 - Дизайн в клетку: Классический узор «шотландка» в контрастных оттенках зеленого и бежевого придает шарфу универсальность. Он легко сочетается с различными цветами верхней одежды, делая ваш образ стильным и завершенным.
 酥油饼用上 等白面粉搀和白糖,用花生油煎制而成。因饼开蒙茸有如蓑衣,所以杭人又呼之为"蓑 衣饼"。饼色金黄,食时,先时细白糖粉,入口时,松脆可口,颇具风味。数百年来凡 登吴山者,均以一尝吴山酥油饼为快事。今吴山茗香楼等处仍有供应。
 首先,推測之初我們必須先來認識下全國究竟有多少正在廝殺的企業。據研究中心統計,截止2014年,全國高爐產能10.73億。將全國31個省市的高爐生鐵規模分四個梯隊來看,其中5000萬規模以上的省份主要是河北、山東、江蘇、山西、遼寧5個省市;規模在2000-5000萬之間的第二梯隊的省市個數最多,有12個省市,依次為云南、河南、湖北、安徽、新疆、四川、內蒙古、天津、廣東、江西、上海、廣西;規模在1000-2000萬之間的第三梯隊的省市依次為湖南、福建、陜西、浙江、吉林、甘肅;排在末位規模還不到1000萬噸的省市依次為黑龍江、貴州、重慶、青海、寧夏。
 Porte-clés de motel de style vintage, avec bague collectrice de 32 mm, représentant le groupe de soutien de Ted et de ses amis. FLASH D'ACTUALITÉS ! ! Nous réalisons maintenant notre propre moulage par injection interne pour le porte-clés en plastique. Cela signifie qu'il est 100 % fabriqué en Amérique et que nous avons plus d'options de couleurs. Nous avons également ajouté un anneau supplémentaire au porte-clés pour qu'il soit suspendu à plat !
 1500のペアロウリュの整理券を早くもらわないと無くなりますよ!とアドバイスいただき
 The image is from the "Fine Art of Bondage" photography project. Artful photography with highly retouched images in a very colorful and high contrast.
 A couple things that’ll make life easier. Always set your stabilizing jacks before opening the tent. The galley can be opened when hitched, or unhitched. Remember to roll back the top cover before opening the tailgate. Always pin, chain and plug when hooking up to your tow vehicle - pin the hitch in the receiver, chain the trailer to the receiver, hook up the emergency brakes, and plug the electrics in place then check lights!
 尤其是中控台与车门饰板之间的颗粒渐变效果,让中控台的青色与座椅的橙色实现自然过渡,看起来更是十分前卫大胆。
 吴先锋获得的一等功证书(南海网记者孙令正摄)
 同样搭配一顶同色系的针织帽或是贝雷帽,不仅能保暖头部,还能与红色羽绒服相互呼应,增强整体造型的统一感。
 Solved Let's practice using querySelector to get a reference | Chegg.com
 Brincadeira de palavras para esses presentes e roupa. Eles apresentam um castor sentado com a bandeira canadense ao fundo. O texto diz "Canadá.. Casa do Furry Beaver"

BRIEF: Everything from the line that has "尤其是中控台与车门饰板之间的" to the final line above should be retyped exactly, and nothing else.

ANSWER BELOW:
 尤其是中控台与车门饰板之间的颗粒渐变效果,让中控台的青色与座椅的橙色实现自然过渡,看起来更是十分前卫大胆。
 吴先锋获得的一等功证书(南海网记者孙令正摄)
 同样搭配一顶同色系的针织帽或是贝雷帽,不仅能保暖头部,还能与红色羽绒服相互呼应,增强整体造型的统一感。
 Solved Let's practice using querySelector to get a reference | Chegg.com
 Brincadeira de palavras para esses presentes e roupa. Eles apresentam um castor sentado com a bandeira canadense ao fundo. O texto diz "Canadá.. Casa do Furry Beaver"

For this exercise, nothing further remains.